- **Given records**
————

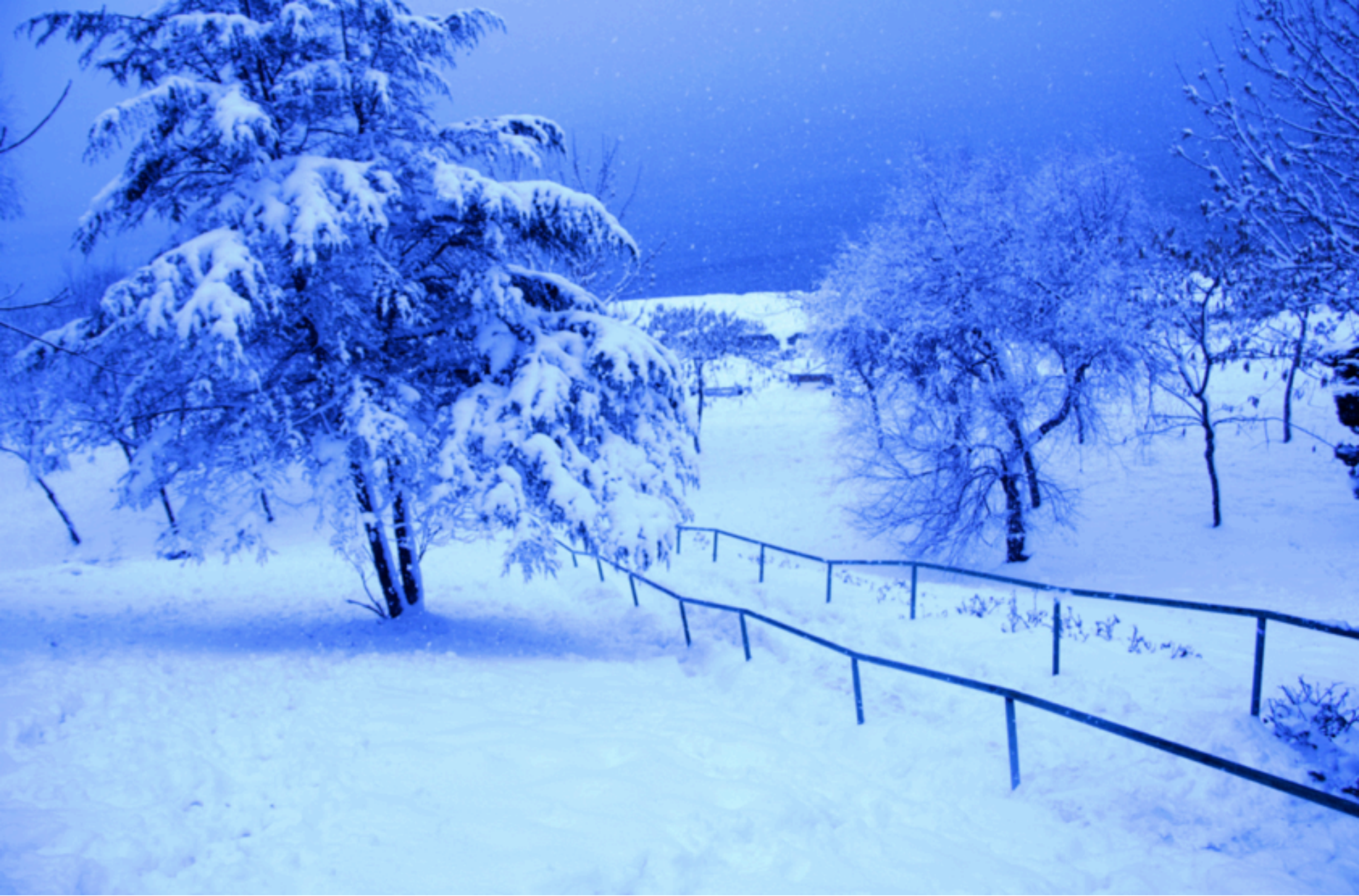
Stairways to heaven.
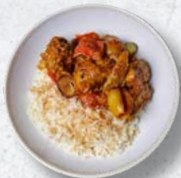
CHICKEN TIKKA MISALA WITH COCONUT RICE
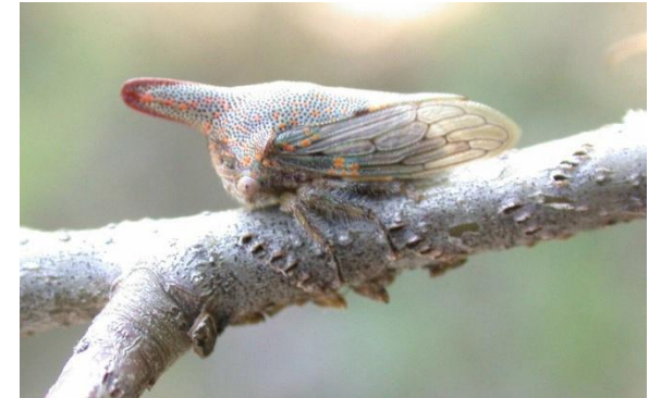
female & oviposition slits
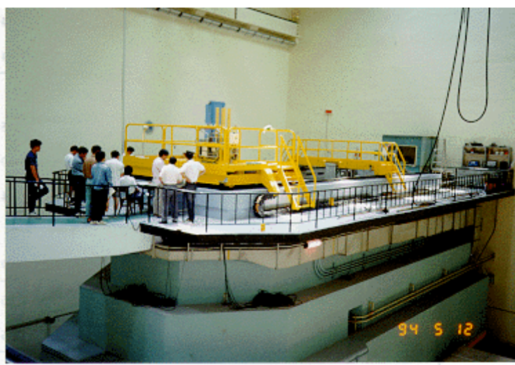
Figure 1. The reactor hall of the Tsing Hua Open-pool Reactor (THOR)

THOR is a 2 MW, light water moderated and cooled reactor of the TRIGA conversion type (as shown in figure 1). The average thermal neutron flux in the core is about 1 \times 10^{13} n/cm 2 /sec at 1 MW. It is now the only nuclear research reactor that can provide stable and continuous bulk quantity of neutrons in Taiwan.
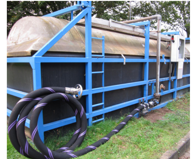
Transfer of sensitive media at any place.
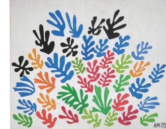
'The Sheaf' 1953
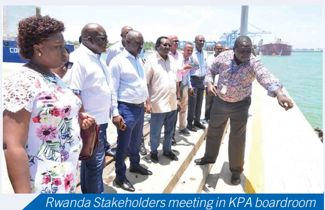
during their tour of the port facilities.

During the Rwanda Stakeholders' meeting with KPA officials, the visiting delegation was briefed on key infrastructure and technological developments that have been implemented to enhance the efficiency of the Port operations.
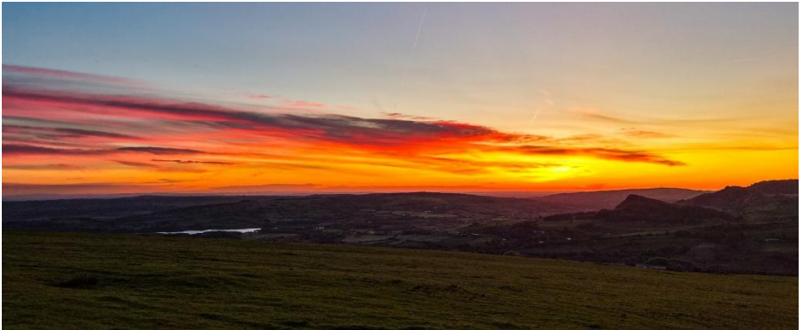
Sunset over Leek

Ashbourne, Brailsford, Kniveton, Kirk Ireton, Tissington, Parwich, Milldale.
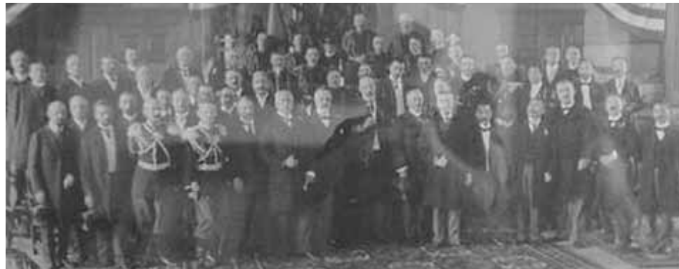
A TALE OF TWO EMPIRES — With Portsmouth and the Shipyard acting as a neutral ground, the assembled representatives of the Empires of Russia and Japan worked out a peace treaty to conclude the Russo-Japanese War.
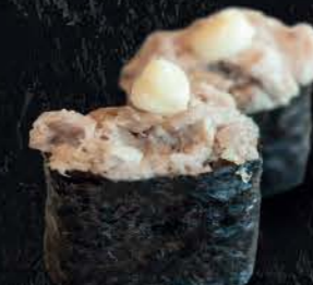
33 Tuna Mayo $2.60 (2 pcs)
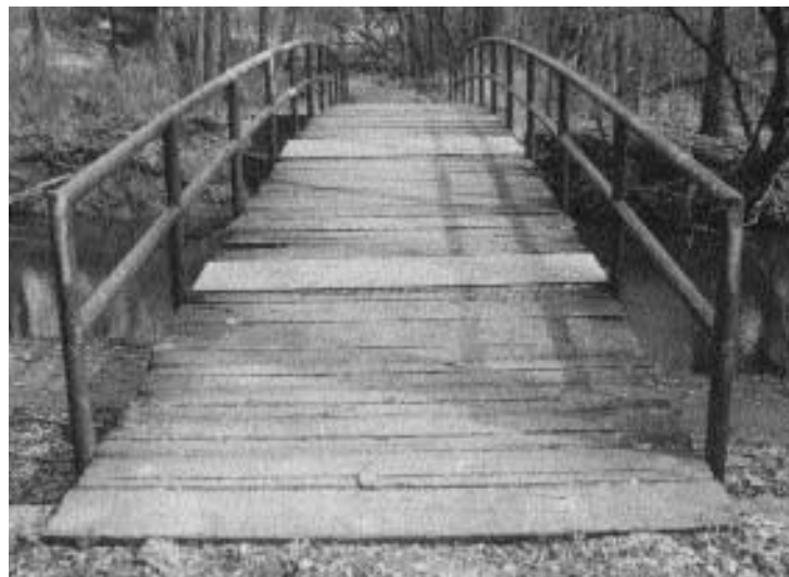
Bridge accessing the Ellsworth Trail near Nankin Mills.

2. Repair the bridge near the Three Fires parking lot , (see photo on page 3) near the former Nankin Mills Inn on Ann Arbor Trail (west of Farmington Road). This bridge is important in that it allows access to the trail running along the Middle Rouge.
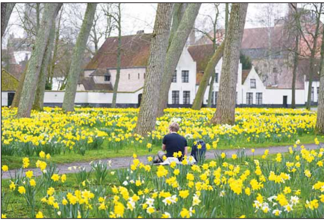
A visitor sits among the daffodils in the courtyard of the Beguinage Ten Wijngaerde of Bruges, Belgium, Tuesday March 10, 2026.
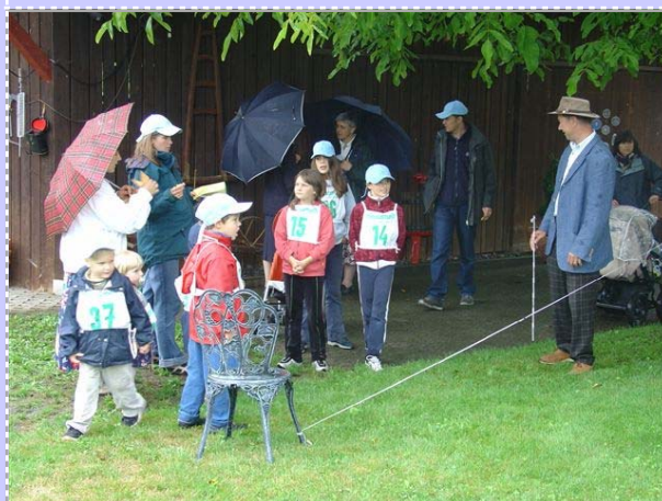
Some of the children who participated in the Children Olympics

Forty families and Forty-eight children attended this yearly activity organized by the FEC in Zurich.
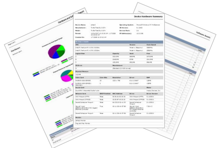
Site Hardware Summary Device Attributes Software Asset Inventory
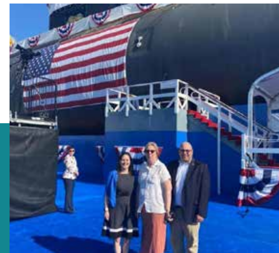
Representing the Connecticut General Assembly at the christening of the USS Hyman G. Rickover, the most recent state of the art USN Virginia-class submarine
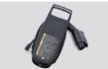
Extra Battery Charging Cable
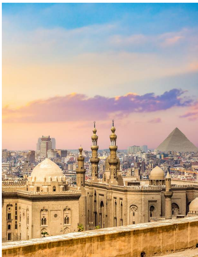
📍 Old Cairo
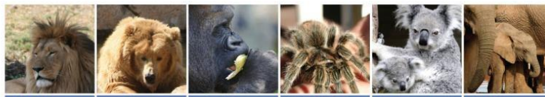
Heart of Africa A2,3 Bears A2 Gentle Giants A2 Critters & Cobwebs C2 Australia A2 Elephants C2

Our new Zoo Loop was created to make your experience at our Zoological Gardens more fun, more exciting and much easier. Simply follow the teal coloured line on the map, as well as the signage throughout the Zoo. Should you veer off the route, simply follow the clearly marked signs back to the teal Zoo Loop! Enjoy yourself!
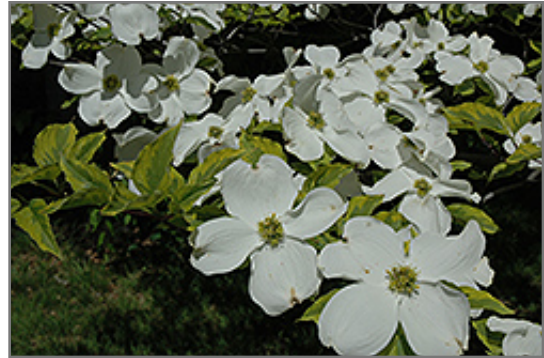
Rainbow Flowering Dogwood flowers

Rainbow Flowering Dogwood is a multi-stemmed deciduous tree with a stunning habit of growth which features almost oriental horizontally-tiered branches. Its average texture blends into the landscape, but can be balanced by one or two finer or coarser trees or shrubs for an effective composition.
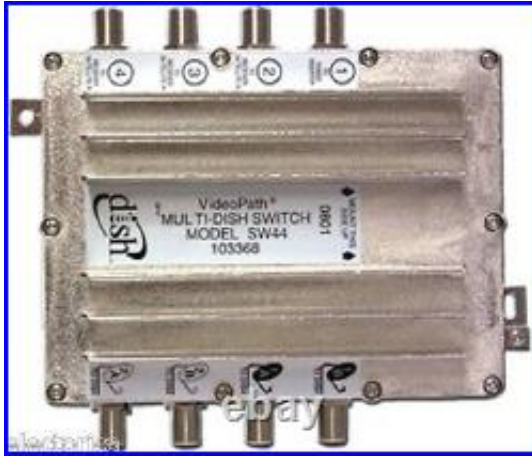
Installation Sw44 Bell Expressvu
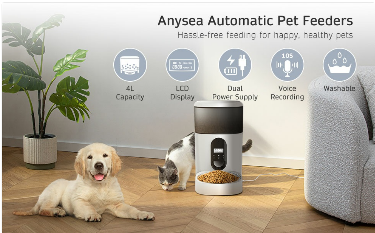
Image 1.2: Overview of the Anysea Automatic Pet Feeder's key features and design.
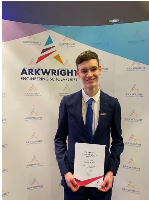
Arkwright Award Winner
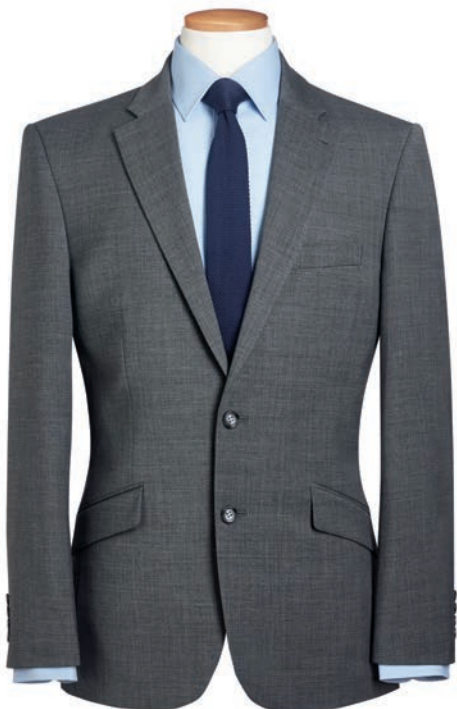
Centre back length at size 40R = 77cm

Sizes 34R to 56R available in solid colours only. Other colours available in sizes 36R to 52R. Sizes 34L and 36L available in colour A only.
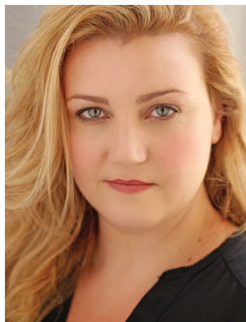
Meredith Holzman (Kristine) Broadway: Death of a Salesman TV: “Only Murders in the Building,” “Ramy,” “Chicago Fire,” “VEEP.”
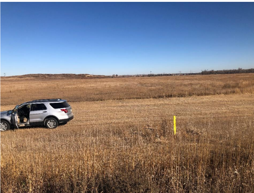
Looking north at site from levee on south side of site
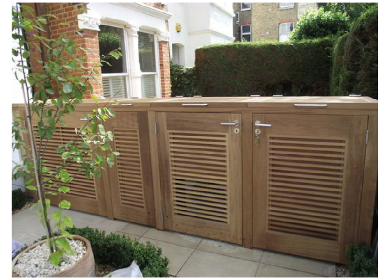
timber cycle store
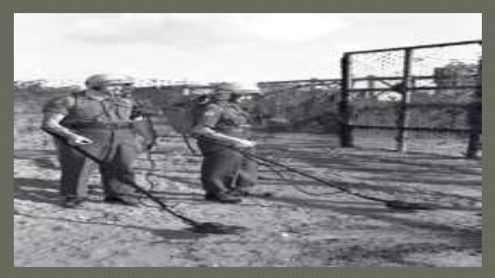
UN engineers near the Suez Canal
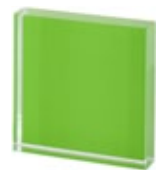
COD / TEV1 GREEN FLUO
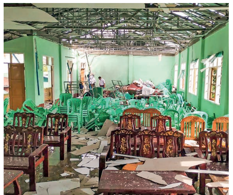
The ravages in the aftermath of the bomb blast at the Nawnghkio Township Education Office.
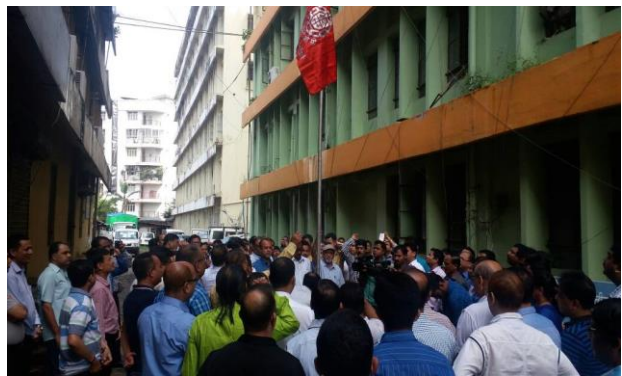
Flag Hoisting at Guwahati
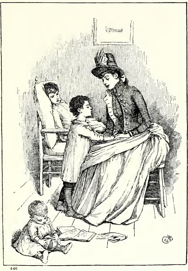
"The poor little thing came and stood at my knee."
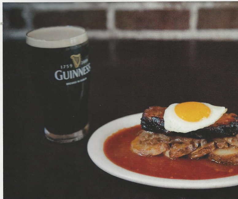
TOMMY CONDON'S RESTAURANT - STEAK N' EGGS

FOR MORE INFORMATION: RESTORATIONONKING.COM (877) 221-7202
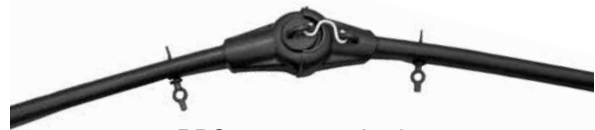
RPC-0810 – 30° Angle
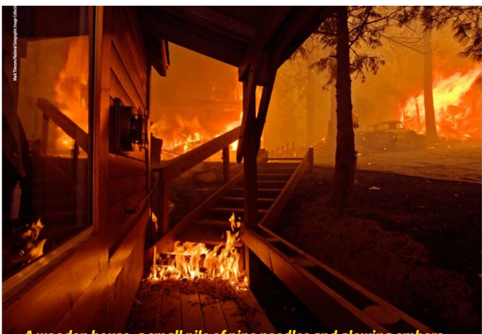
A wooden house, a small pile of pine needles and glowing embers...

Maintain wooden fences in good condition and create a noncombustible fence section or gate next to the house for at least five feet.
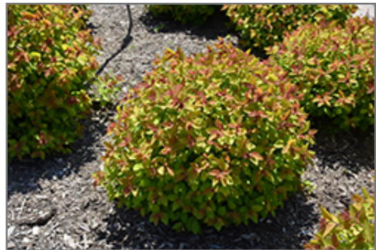
Double Play Big Bang Spirea
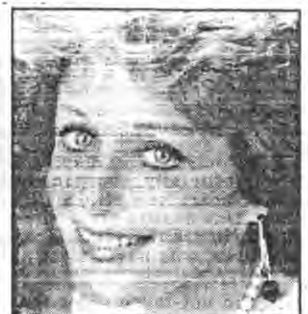
LEADING LADIES: Entertainer Eartha Kitt, left, and singer Lesley Gore offer their talents Tuesday for 'Hot Hot Tropics,' an AIDS benefit at Venus de Milo and Avalon.
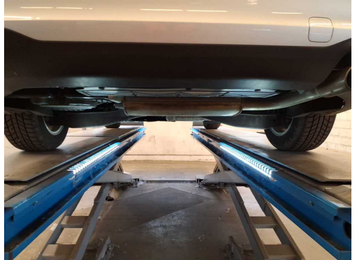
Figure 26: Misc.
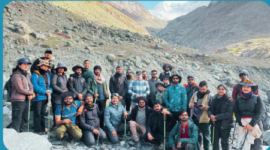
Participants of 2023 Glaciology school at the Machoi glacier site

Leading experts in glaciology, glacio-geomorphology, glacier-hydrology, climate change, and related disciplines from esteemed national and international institutes will serve as resource persons, delivering lectures on both theoretical and practical aspects of these fields. These lectures will cover the latest research developments, methodologies, and technologies used in glaciological studies. Additionally, highly trained glacier scientists and field glaciologists will act as course instructors, providing hands-on training and fieldwork experience. Participants will engage in practical exercises, including ice core drilling, data collection, and analysis using advanced instruments and techniques. This approach is designed to equip participants with essential field knowledge and skills, particularly in field glaciology and the use of relevant instrumentation, thereby enhancing their expertise and capacity in these areas. The training program aims to foster a deeper understanding of the dynamics of glaciers and their impact on global climate systems.
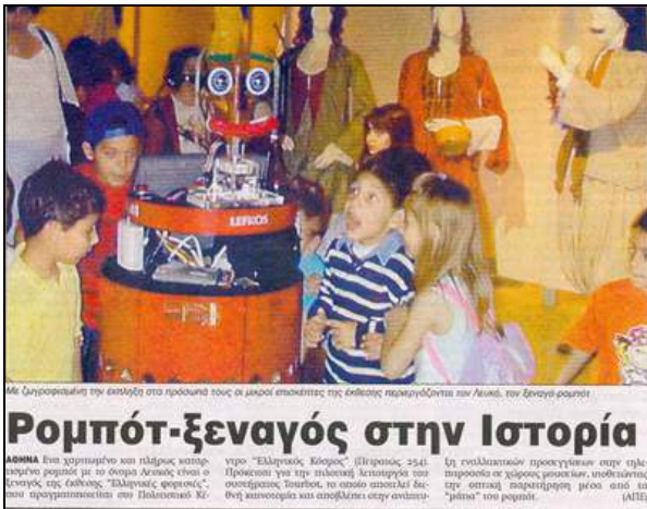
Figure 5: Front page of “Metrorama” newspaper showing young visitors touring the FHW exhibition with “Lefkos” during the 1-week trial period.

Worldwide, many museums and exhibition halls are currently exploiting such technologies, aiming at increasing their market shares. The potential offered by the introduction of media technologies is immense, provided that novel and attracting services will be offered as a result of such developments.
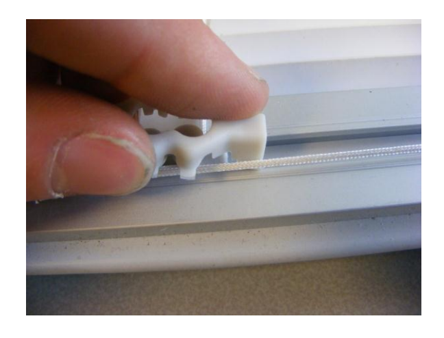
Place the aftersales cord guider over the cord guider
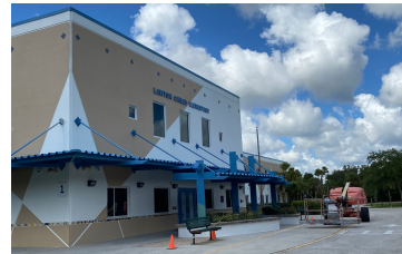
Chiles Elementary School $4.6 Million - A/C Overhaul, Flooring and Ceiling, Painting, Fire Alarm System
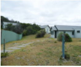
POINT LONSDALE LIGHTHOUSE SOHE 2008
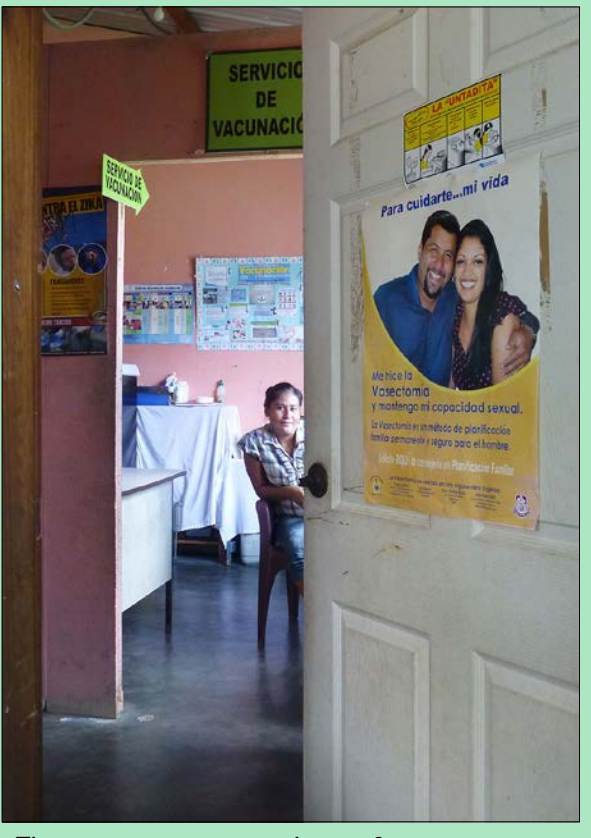
The vaccination room, with an informative poster about vasectomies.

————

- **Problem to work on**
Write out each entry above once more, exactly as written, and drop the pictures.

- **Task response**
Stairways to heaven.
CHICKEN TIKKA MISALA WITH COCONUT RICE
female & oviposition slits
Figure 1. The reactor hall of the Tsing Hua Open-pool Reactor (THOR)

THOR is a 2 MW, light water moderated and cooled reactor of the TRIGA conversion type (as shown in figure 1). The average thermal neutron flux in the core is about 1 \times 10^{13} n/cm 2 /sec at 1 MW. It is now the only nuclear research reactor that can provide stable and continuous bulk quantity of neutrons in Taiwan.
Transfer of sensitive media at any place.
'The Sheaf' 1953
during their tour of the port facilities.

During the Rwanda Stakeholders' meeting with KPA officials, the visiting delegation was briefed on key infrastructure and technological developments that have been implemented to enhance the efficiency of the Port operations.
Sunset over Leek

Ashbourne, Brailsford, Kniveton, Kirk Ireton, Tissington, Parwich, Milldale.
A TALE OF TWO EMPIRES — With Portsmouth and the Shipyard acting as a neutral ground, the assembled representatives of the Empires of Russia and Japan worked out a peace treaty to conclude the Russo-Japanese War.
33 Tuna Mayo $2.60 (2 pcs)
Bridge accessing the Ellsworth Trail near Nankin Mills.

2. Repair the bridge near the Three Fires parking lot , (see photo on page 3) near the former Nankin Mills Inn on Ann Arbor Trail (west of Farmington Road). This bridge is important in that it allows access to the trail running along the Middle Rouge.
A visitor sits among the daffodils in the courtyard of the Beguinage Ten Wijngaerde of Bruges, Belgium, Tuesday March 10, 2026.
Some of the children who participated in the Children Olympics

Forty families and Forty-eight children attended this yearly activity organized by the FEC in Zurich.
Site Hardware Summary Device Attributes Software Asset Inventory
Representing the Connecticut General Assembly at the christening of the USS Hyman G. Rickover, the most recent state of the art USN Virginia-class submarine
Extra Battery Charging Cable
📍 Old Cairo
Heart of Africa A2,3 Bears A2 Gentle Giants A2 Critters & Cobwebs C2 Australia A2 Elephants C2

Our new Zoo Loop was created to make your experience at our Zoological Gardens more fun, more exciting and much easier. Simply follow the teal coloured line on the map, as well as the signage throughout the Zoo. Should you veer off the route, simply follow the clearly marked signs back to the teal Zoo Loop! Enjoy yourself!
Rainbow Flowering Dogwood flowers

Rainbow Flowering Dogwood is a multi-stemmed deciduous tree with a stunning habit of growth which features almost oriental horizontally-tiered branches. Its average texture blends into the landscape, but can be balanced by one or two finer or coarser trees or shrubs for an effective composition.
Installation Sw44 Bell Expressvu
Image 1.2: Overview of the Anysea Automatic Pet Feeder's key features and design.
Arkwright Award Winner
Centre back length at size 40R = 77cm

Sizes 34R to 56R available in solid colours only. Other colours available in sizes 36R to 52R. Sizes 34L and 36L available in colour A only.
Meredith Holzman (Kristine) Broadway: Death of a Salesman TV: “Only Murders in the Building,” “Ramy,” “Chicago Fire,” “VEEP.”
Looking north at site from levee on south side of site
timber cycle store
UN engineers near the Suez Canal
COD / TEV1 GREEN FLUO
The ravages in the aftermath of the bomb blast at the Nawnghkio Township Education Office.
Flag Hoisting at Guwahati
"The poor little thing came and stood at my knee."
TOMMY CONDON'S RESTAURANT - STEAK N' EGGS

FOR MORE INFORMATION: RESTORATIONONKING.COM (877) 221-7202
RPC-0810 – 30° Angle
A wooden house, a small pile of pine needles and glowing embers...

Maintain wooden fences in good condition and create a noncombustible fence section or gate next to the house for at least five feet.
Double Play Big Bang Spirea
LEADING LADIES: Entertainer Eartha Kitt, left, and singer Lesley Gore offer their talents Tuesday for 'Hot Hot Tropics,' an AIDS benefit at Venus de Milo and Avalon.
Figure 26: Misc.
Participants of 2023 Glaciology school at the Machoi glacier site

Leading experts in glaciology, glacio-geomorphology, glacier-hydrology, climate change, and related disciplines from esteemed national and international institutes will serve as resource persons, delivering lectures on both theoretical and practical aspects of these fields. These lectures will cover the latest research developments, methodologies, and technologies used in glaciological studies. Additionally, highly trained glacier scientists and field glaciologists will act as course instructors, providing hands-on training and fieldwork experience. Participants will engage in practical exercises, including ice core drilling, data collection, and analysis using advanced instruments and techniques. This approach is designed to equip participants with essential field knowledge and skills, particularly in field glaciology and the use of relevant instrumentation, thereby enhancing their expertise and capacity in these areas. The training program aims to foster a deeper understanding of the dynamics of glaciers and their impact on global climate systems.
Figure 5: Front page of “Metrorama” newspaper showing young visitors touring the FHW exhibition with “Lefkos” during the 1-week trial period.

Worldwide, many museums and exhibition halls are currently exploiting such technologies, aiming at increasing their market shares. The potential offered by the introduction of media technologies is immense, provided that novel and attracting services will be offered as a result of such developments.
Place the aftersales cord guider over the cord guider
Chiles Elementary School $4.6 Million - A/C Overhaul, Flooring and Ceiling, Painting, Fire Alarm System
POINT LONSDALE LIGHTHOUSE SOHE 2008
The vaccination room, with an informative poster about vasectomies.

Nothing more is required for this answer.